Мейпс снова поглядел на Кэнди — она стояла рядом с Мату. Войдя в комнату, она чуть помедлила в нерешительности, но все же отыскала его глазами и протолкалась к нему. Я был слишком далеко от Кэнди и не слышал ее вопроса, если она его задала; и ответа Мату — если он ей ответил — я тоже не слышал. Видел только, что он слегка наклонил голову.
— Ну как? — спрашивает ее Мейпс.
Кэнди кивнула. По-моему, она не очень понимала, почему Мейпс обратился к ней. Впрочем, ее это мало интересовало. Мату больше не угрожала тюрьма — вот единственное, что ее интересовало.

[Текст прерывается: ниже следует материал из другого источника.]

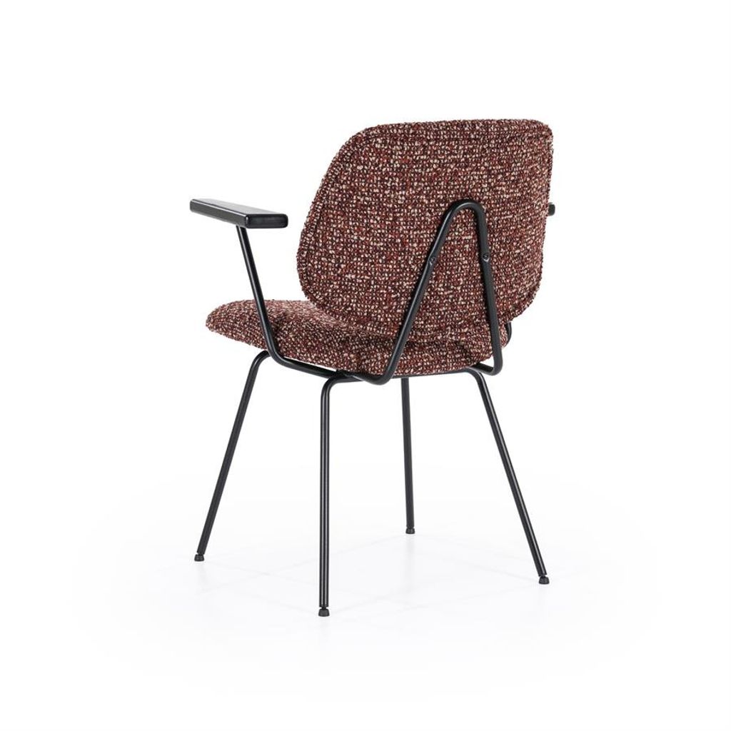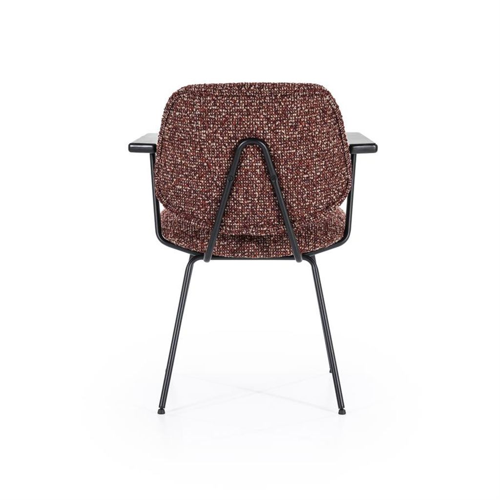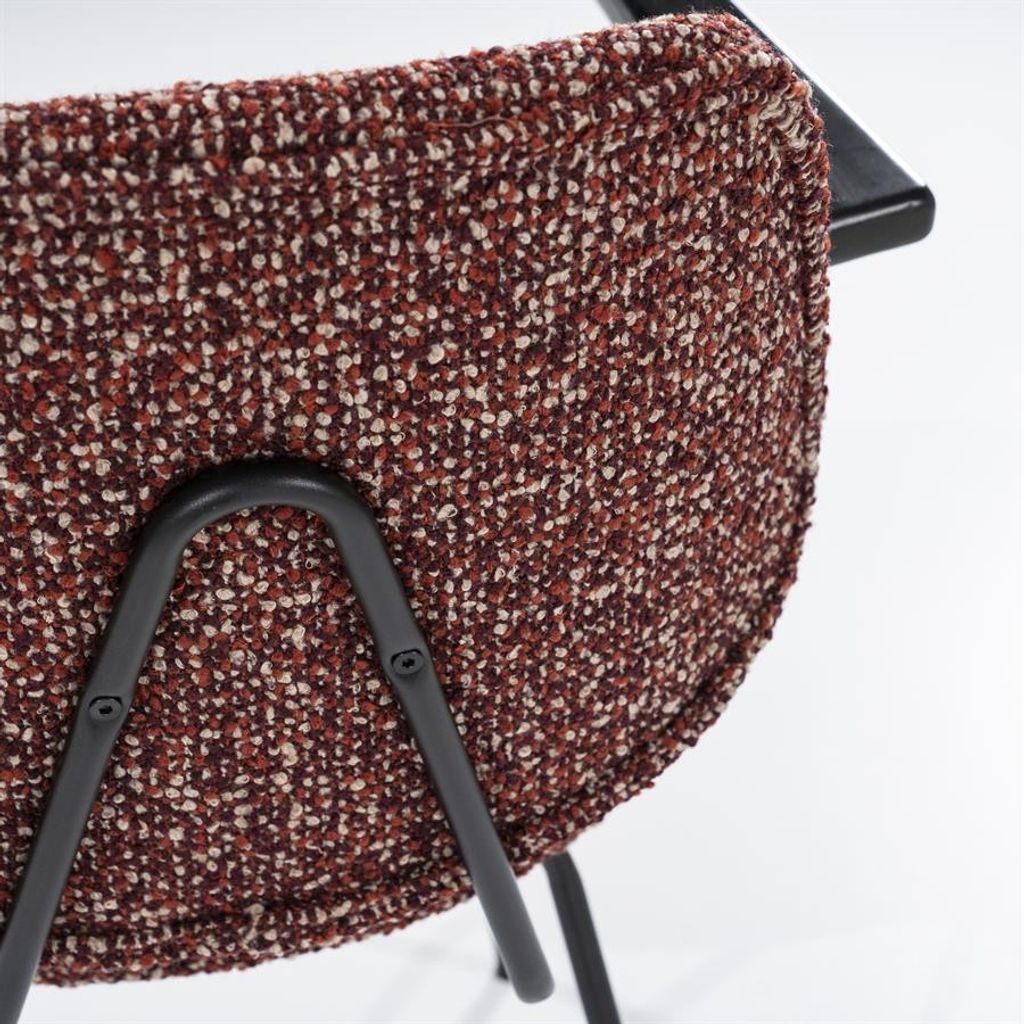 Eleonora Stol Jon med armstöd kombinerar elegans och komfort. Den röda Maywood-klädseln ger en varm och inbjudande känsla, medan de svarta, pulverlackerade metallbenen säkerställer en stabil och hållbar konstruktion. Bekväma armstöd i trä ger extra stöd, vilket gör stolen perfekt för både middagar och avkoppling vid skrivbordet. En tidlös design som passar in i moderna och klassiska miljöer.

До всего остального ей не было дела.
Мейпс снова повернулся к Чарли.
— Расскажите мне, как было дело, мистер Биггс, — говорит. — Начните с самого начала, с того, что у вас там вышло на поле.
— Что бы у нас там на поле ни вышло, только начало было положено не тогда, а пятьдесят лет назад, — говорит Чарли. — Ну, пятьдесят не пятьдесят, а лет сорок пять уж точно. Потому что в аккурат о ту пору я убежал в первый раз. Мне пятьдесят стукнуло, а как сейчас помню, что я убежал, когда мне было годков пять, не больше, потому что, когда мне минуло шесть, крестный поколотил меня, чтоб не смел убегать. Я ведь помню, когда он в первый раз меня за это поколотил. Помнишь, крестный, когда ты в первый раз меня поколотил? Мне тогда еще дали с собой в школу картошку, а Эдди у меня ее отобрал. — Мату глядел на Чарли так, словно не верил своим глазам, что тот вернулся. Мату кивнул.
— Всю мою жизнь, — говорит Чарли. И не Мейпсу говорит, не нам, а сам себе. — Всю как есть мою жизнь я только и знал, что убегал. От кого только я не убегал — и от черных, и от белых, и от негров, и от кэдженов — и от тех, и от других. Всю как есть мою жизнь. Все для них делал, и хорошо ли, плохо ли сделаю, они меня поносили — всю как есть мою жизнь. А я терпел. И вот мне уж пятьдесят стукнуло. И вот уже пятьдесят лет меня поносят. Как родился на свет черным, так с тех самых пор я поношения терпел, а сдачи никогда не давал. Ты ведь, крестный, старался из меня мужика сделать? Верно я говорю?
Мату опять кивнул.
— А все без толку, — говорит Чарли. — Пятьдесят лет кряду старался. Целых полвека; и тут я себе сказал: хватит с меня поношений. А Бо поносил меня. Хоть я и за двоих работал, он меня все равно поносил. Ни одному мужику тяжелее меня груза не поднять. Накорми меня досыта, и дольше меня никто работать не сумеет. Пилить, колоть, тянуть проволоку, канавы копать, столбы ставить никто лучше меня не может. А он меня все честил. Без всякой без причины честил. Нигер ты такой, нигер ты сякой, без причины без всякой честил. Просто чтобы обругать. И покамест я был Большим Чарли, негритянским мальчишкой, я его поношения терпел.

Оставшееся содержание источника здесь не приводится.